- Task goal
Find the line with "Oval, Pear &" in the records below. Output exactly from there until after the line with "第一横行与第八横行下卦分别为", without pictures.

- Input
* * *

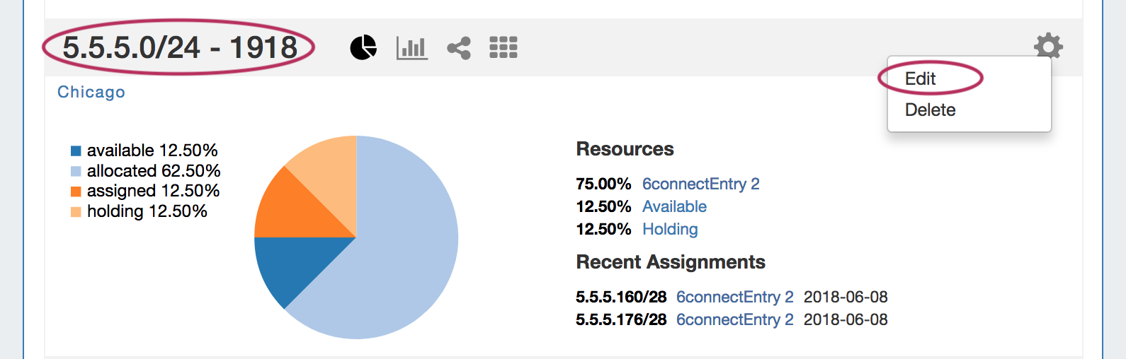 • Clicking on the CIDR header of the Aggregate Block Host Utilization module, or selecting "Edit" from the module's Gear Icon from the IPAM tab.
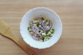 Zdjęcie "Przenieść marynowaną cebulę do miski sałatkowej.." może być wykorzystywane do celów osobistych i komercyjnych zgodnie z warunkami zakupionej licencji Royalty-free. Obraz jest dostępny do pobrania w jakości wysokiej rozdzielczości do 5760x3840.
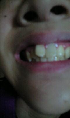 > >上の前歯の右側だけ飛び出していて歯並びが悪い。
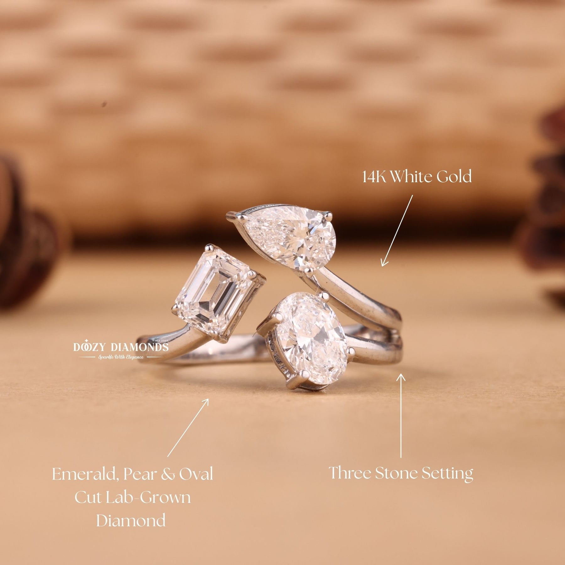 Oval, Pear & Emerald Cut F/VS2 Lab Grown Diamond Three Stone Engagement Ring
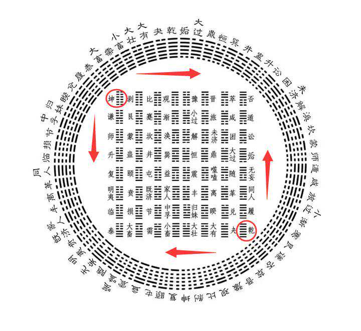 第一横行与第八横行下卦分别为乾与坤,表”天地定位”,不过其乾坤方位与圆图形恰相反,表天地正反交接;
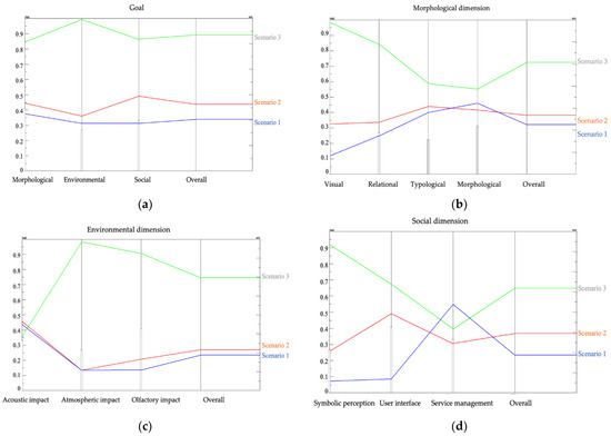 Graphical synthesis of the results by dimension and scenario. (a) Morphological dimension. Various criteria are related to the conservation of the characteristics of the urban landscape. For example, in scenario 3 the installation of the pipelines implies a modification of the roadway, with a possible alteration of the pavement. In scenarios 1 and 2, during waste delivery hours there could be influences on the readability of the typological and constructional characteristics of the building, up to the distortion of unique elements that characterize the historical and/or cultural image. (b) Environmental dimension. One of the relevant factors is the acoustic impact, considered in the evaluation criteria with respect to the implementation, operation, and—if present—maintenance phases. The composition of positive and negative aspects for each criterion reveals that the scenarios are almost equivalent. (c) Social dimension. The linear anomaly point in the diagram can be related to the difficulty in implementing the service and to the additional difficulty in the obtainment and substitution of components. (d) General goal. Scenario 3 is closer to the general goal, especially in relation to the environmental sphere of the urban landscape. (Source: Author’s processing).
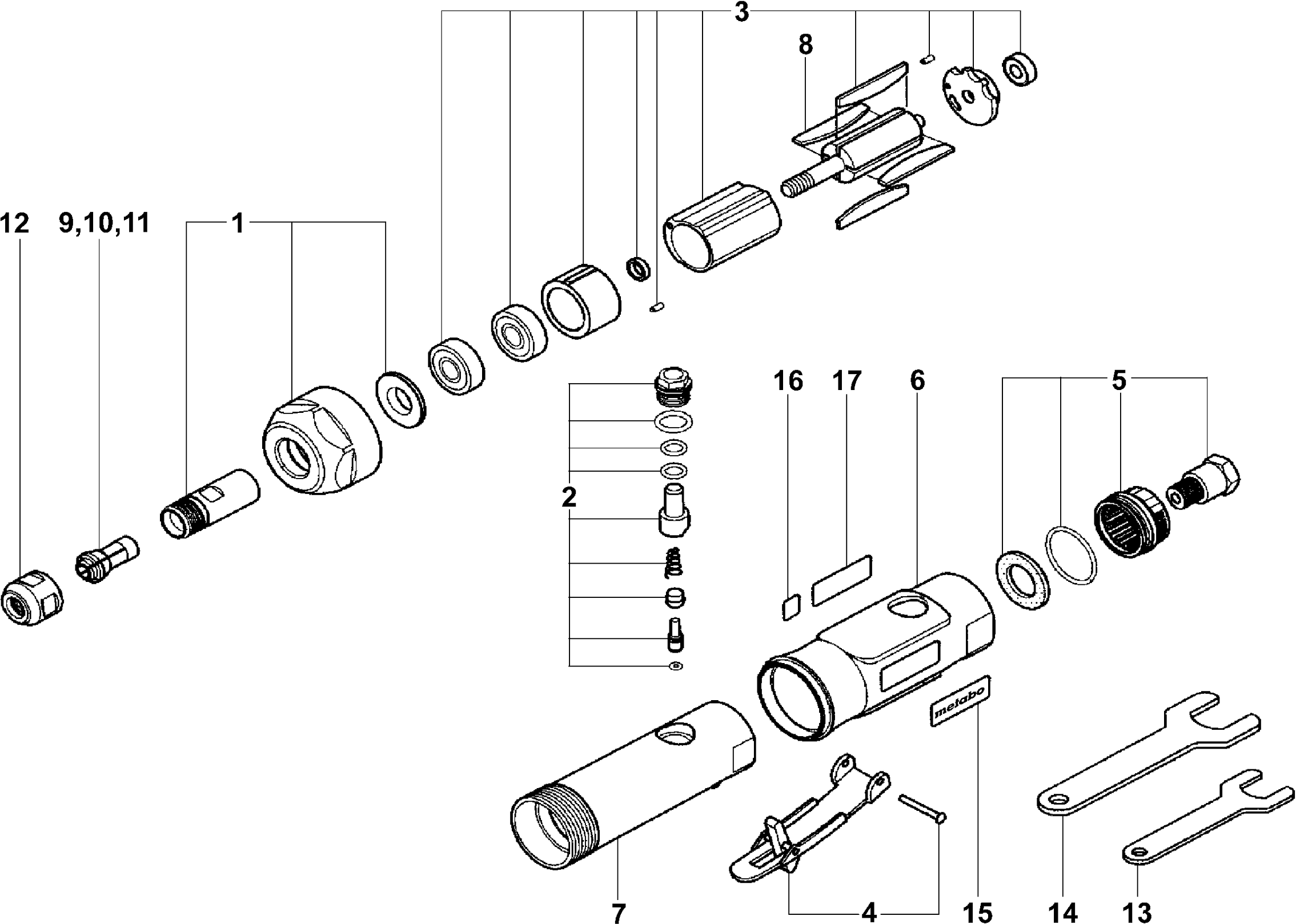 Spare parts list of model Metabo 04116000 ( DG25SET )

* * *

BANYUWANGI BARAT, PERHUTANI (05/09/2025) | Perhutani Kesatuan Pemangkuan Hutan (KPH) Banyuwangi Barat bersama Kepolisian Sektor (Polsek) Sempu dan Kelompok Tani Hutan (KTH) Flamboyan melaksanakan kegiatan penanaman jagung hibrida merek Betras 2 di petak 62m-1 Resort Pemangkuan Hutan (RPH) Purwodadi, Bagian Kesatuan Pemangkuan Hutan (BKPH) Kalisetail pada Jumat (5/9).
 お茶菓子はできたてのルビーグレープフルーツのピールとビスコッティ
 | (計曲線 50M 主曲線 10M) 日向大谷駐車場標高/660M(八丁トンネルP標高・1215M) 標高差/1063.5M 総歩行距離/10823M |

* * *

- Output of the exercise
 Oval, Pear & Emerald Cut F/VS2 Lab Grown Diamond Three Stone Engagement Ring
 第一横行与第八横行下卦分别为乾与坤,表”天地定位”,不过其乾坤方位与圆图形恰相反,表天地正反交接;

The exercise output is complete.